Records contained in a dataset
::::
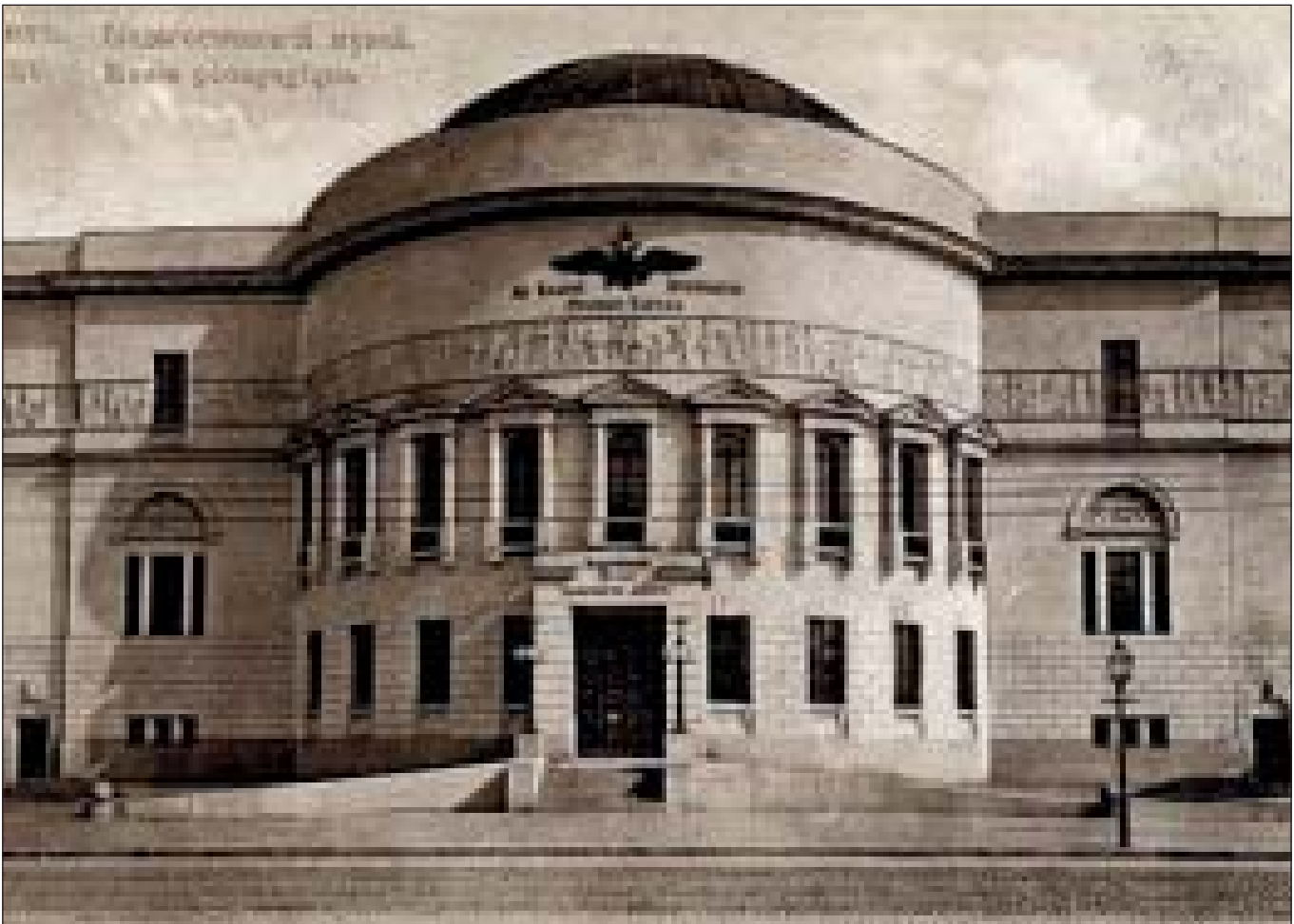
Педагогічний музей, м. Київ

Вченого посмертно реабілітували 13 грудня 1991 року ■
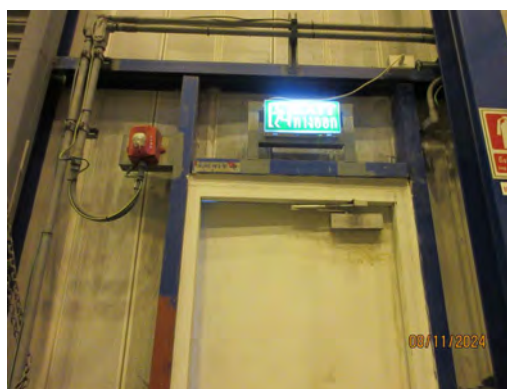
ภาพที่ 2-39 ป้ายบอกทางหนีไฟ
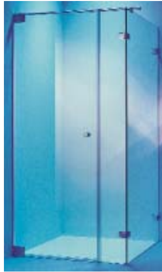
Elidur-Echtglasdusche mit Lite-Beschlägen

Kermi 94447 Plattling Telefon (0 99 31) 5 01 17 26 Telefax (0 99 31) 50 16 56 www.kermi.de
::::
Without including any picture, retype the entries exactly.

• SOLUTION TO THIS TASK:
Педагогічний музей, м. Київ

Вченого посмертно реабілітували 13 грудня 1991 року ■
ภาพที่ 2-39 ป้ายบอกทางหนีไฟ
Elidur-Echtglasdusche mit Lite-Beschlägen

Kermi 94447 Plattling Telefon (0 99 31) 5 01 17 26 Telefax (0 99 31) 50 16 56 www.kermi.de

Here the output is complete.